Learning Theory from First Principles [pdf]

miltava · 2025-03-27T22:58:00 1743116280

This looks interesting. Does anyone knows how it compares to other learning theory books like foundations of machine learning [1] in terms of depth and approachability?

[1] https://cs.nyu.edu/~mohri/mlbook/

mikhael · 2025-03-27T23:23:06 1743117786

Learning From Data: https://amlbook.com/

esafak · 2025-03-27T22:43:42 1743115422

https://francisbach.com/my-book-is-out/

https://mitpress.mit.edu/9780262049443/learning-theory-from-...
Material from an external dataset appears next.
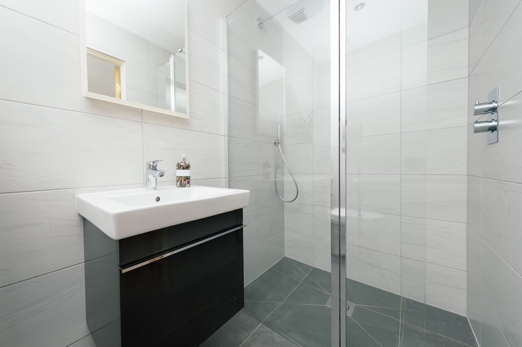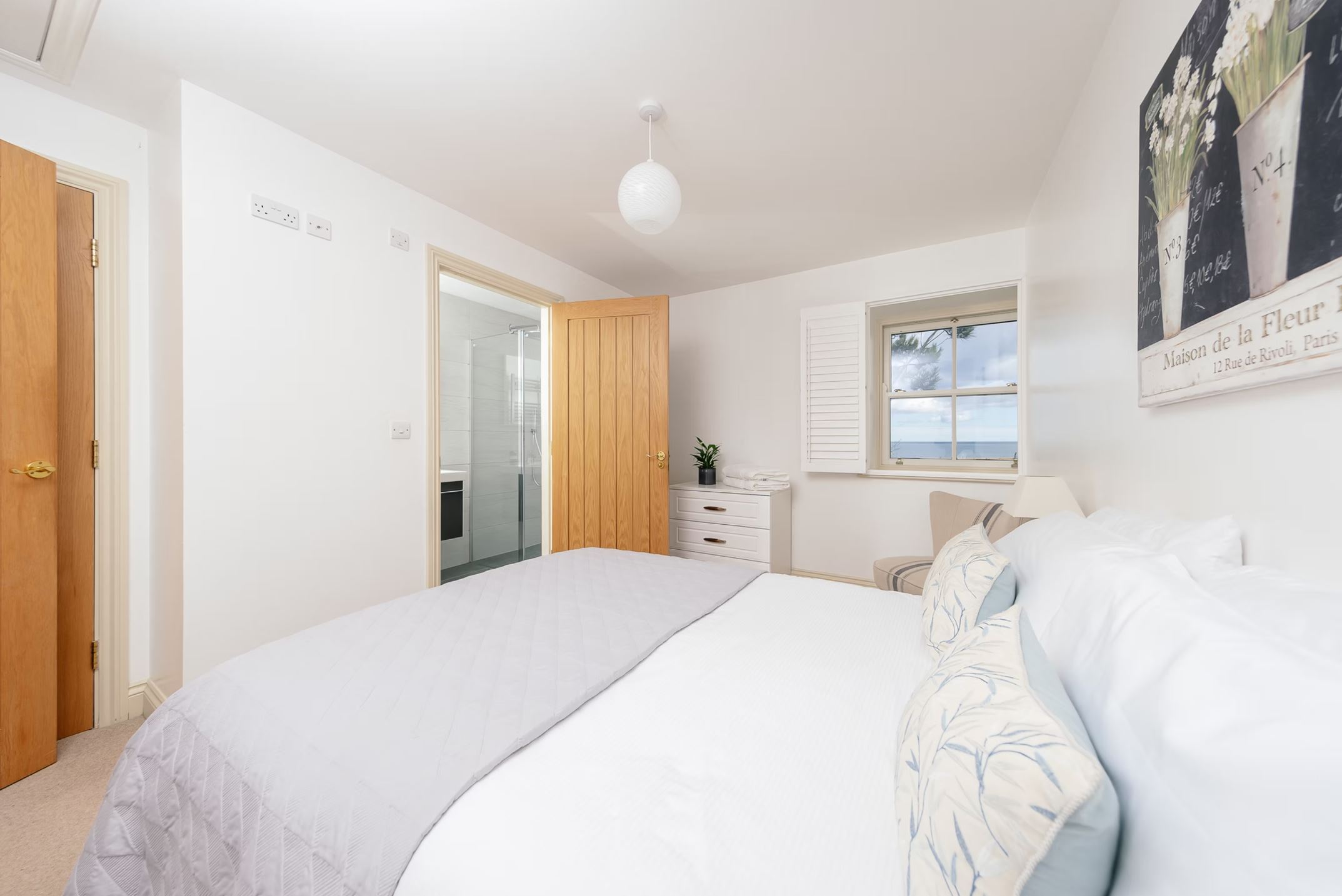 There are two luxury bedrooms. The ground floor bedroom has an ensuite bathroom, panoramic sea views and a very comfortable king-size bed. The first-floor bedroom provides twin beds and a built-in wardrobe, with an adjacent bathroom that includes a bath, wash basin and toilet.

commandersaki · 2025-03-28T05:03:38 1743138218

Ah damn I was hoping this would be a position paper on why learning _theory_ from first principles is a good idea.

drsopp · 2025-03-28T06:03:15 1743141795

I was hoping the paper was on _learning_ theory.

amelius · 2025-03-28T11:55:45 1743162945

It is a book on that. Not sure why they left out "machine" from "machine learning".

grg0 · 2025-03-28T02:23:35 1743128615

Good resource, boys. Thanks for sharing.

almostgotcaught · 2025-03-28T00:10:57 1743120657

I honestly don't understand why people write these books anymore. Let me explain: there used to be a lot of these kinds survey books that start with linear regression and end at... something classical. I can rattle off a lot of titles (Pattern Recognition and Machine Learning, Elements of Statistical Learning, Intro to Statistical Learning, blah blah blah). They all covered the same material at various levels of sophistication (some of them covered meta theory like PAC learning or shattering dimension or empirical risk minimization or whatever). Some of them took the statistical approach and some of them took the optimization approach. Again: blah blah blah. The synthesis/summary is/was there is no grand unified theory of machine learning and everyone saw that it should be clear.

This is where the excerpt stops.